1) La télémédecine. Des expériences étrangères montrent la voie. La Suède, qui a un grand territoire avec des zones presque vides, a engrangé des résultats encourageants, aussi bien pour le diagnostic à distance que pour l’accompagnement des malades.

2) La téléformation. Les formations en ligne se multiplient aujourd’hui mais elles ne sont pas ou sont peu interactives. Combiner large accès et interactivité demandera du débit. Mais quel changement pour nos territoires lorsqu’on pourra devant son écran accéder à des forums, des cours ou des conférences avec une qualité d’image et des conditions d’échange en temps réel inconnues aujourd’hui.

3) La formation professionnelle ou continue est également concernée.
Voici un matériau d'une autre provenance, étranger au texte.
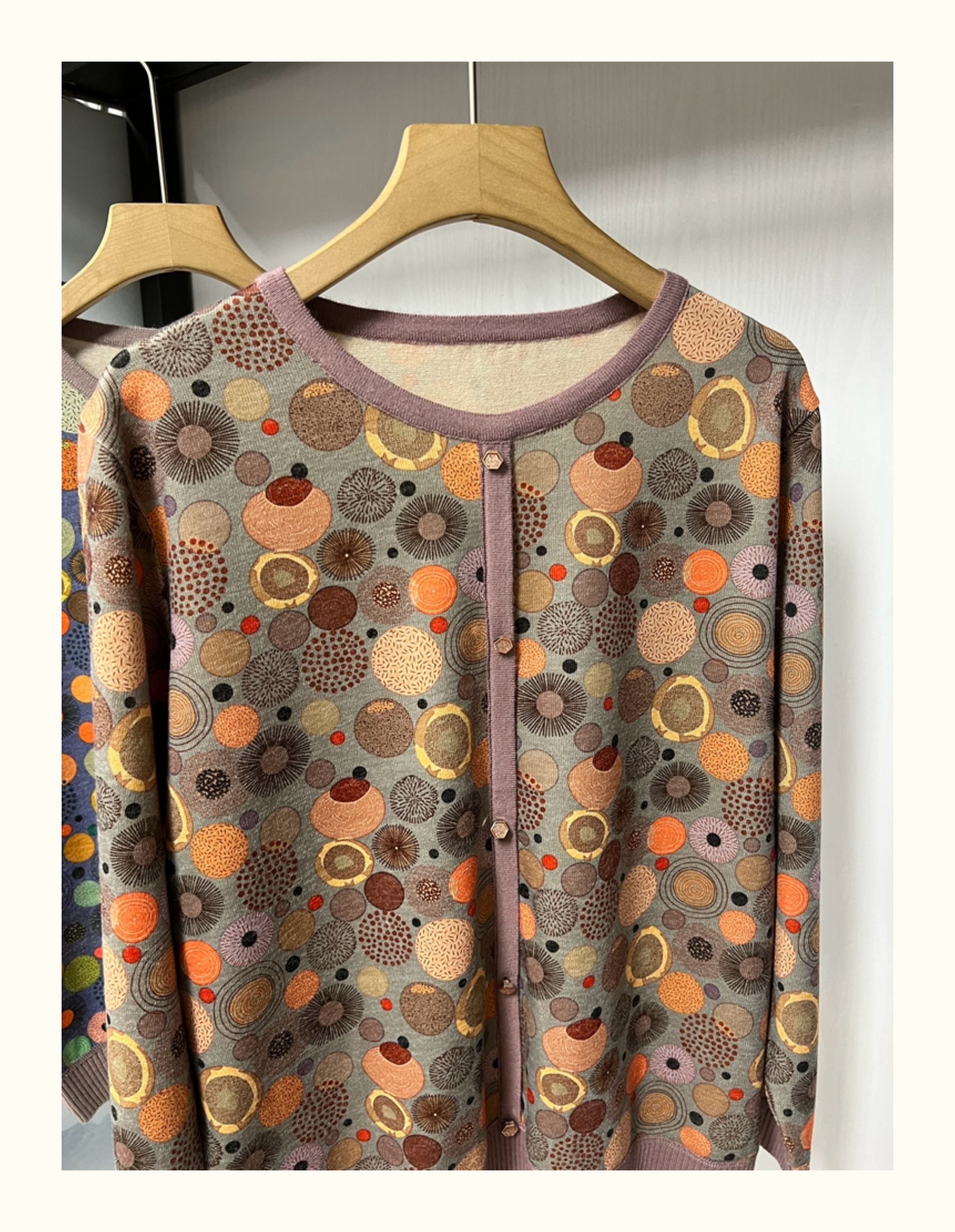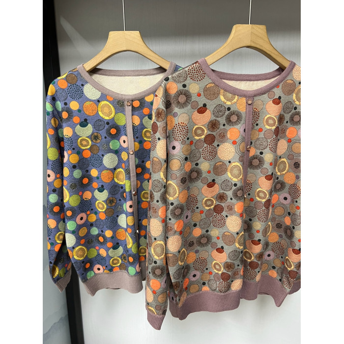 春秋新品薄款寬松大碼氣質媽媽裝羊毛衫花色中老年長袖打底衫毛衣

Pourquoi pas des stages ou des modules de stages entièrement en ligne.

4) La télé administration est également un service essentiel pour des populations éloignées de certains services publics. Mais pourquoi pas aussi des entretiens d’embauche en ligne ou une assistance technique ou du dépannage à distance.

Voilà autant de domaines qui pourraient être bouleversés par le très haut-débit. Créons l’outil, les besoins et les services suivront naturellement, y compris et surtout en outre-mer.
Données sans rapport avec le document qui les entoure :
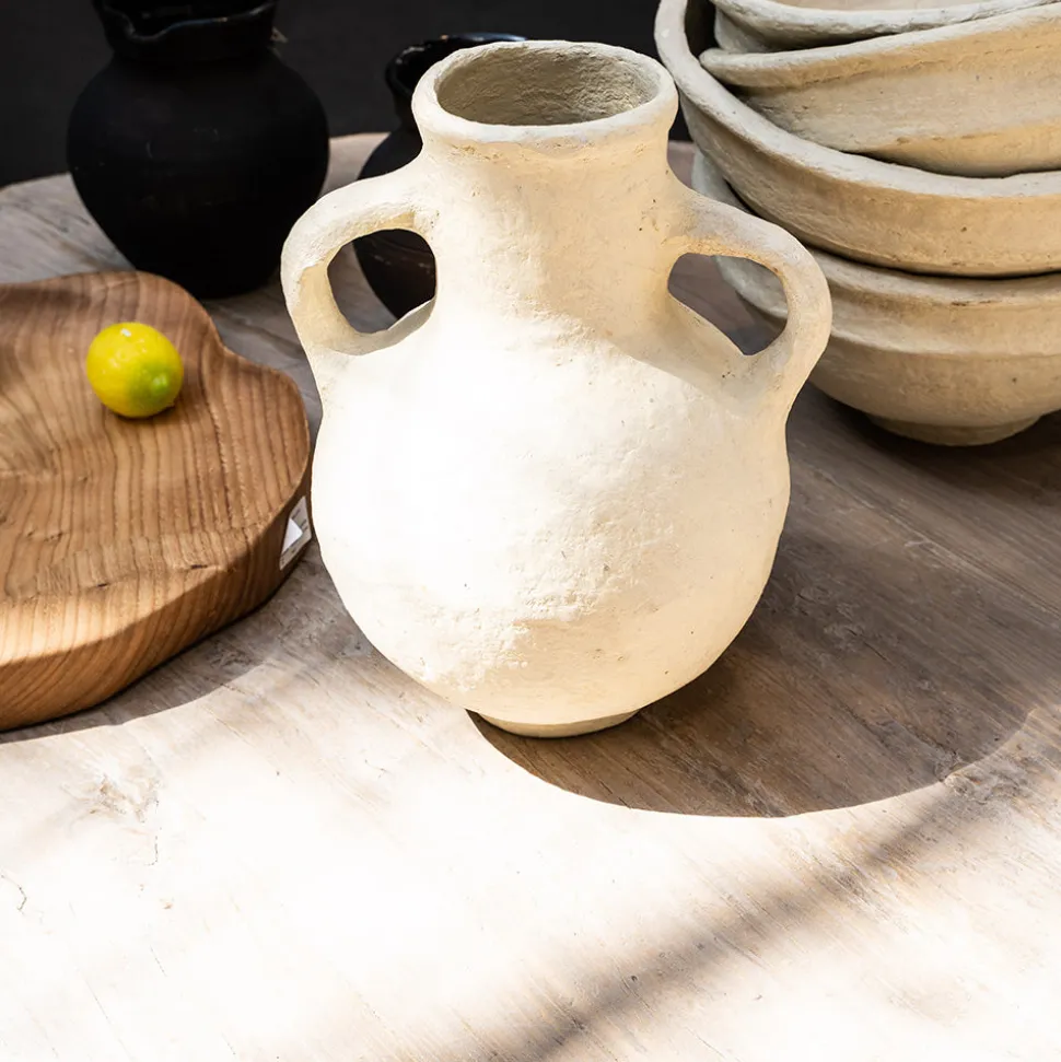 Vase en papier mâché à deux anses alliant à la fois élégance, retro et modernisme

Le développement des infrastructures de THD est donc à la fois un défi et une chance pour les outre-mer.

Et ce défi doit être relevé d’abord en investissant dans les réseaux. Les réseaux terrestres en fibre, mais aussi les liaisons inter îles dans les archipels et le déploiement de la téléphonie mobile 4G. Tout cela à un coût, il faut faire les bons choix. Cette réunion est une étape importante pour mettre en marche et organiser la mise en oeuvre de ce plan.
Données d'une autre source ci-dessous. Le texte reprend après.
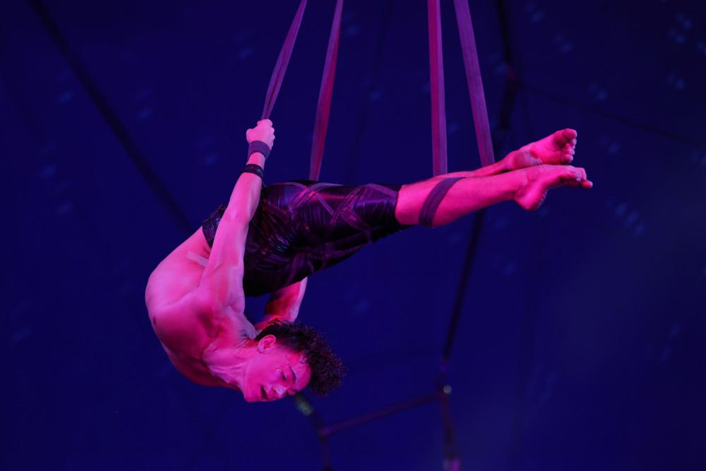Aidan Bryant spins in the air as part of an aerial act during the “Circus at the Fair” event at the South Carolina State Fair on Oct. 12, 2024. Byrant, a famous aerialist, received a golden buzzer on America's Got Talent Fantasy League and placed first in America's Got Talent All-Stars.

Il faudra aussi se pencher rapidement sur la question du raccordement des outre-mer aux grands câbles sous-marins intercontinentaux. Ce n’est pas l’objet de la réunion d’aujourd’hui mais c’est un enjeu essentiel dont nous reparlerons. Le très-haut débit n’a de sens que si on peut sortir de son île. Les raccordements au web ne doivent donc pas être embouteillés, non sécurisés ou hors de prix.

Nous en reparlerons une autre fois, comme nous reparlerons des territoires du Pacifique qui ne sont pas concernés par cette première réunion mais que nous n’oublions pas.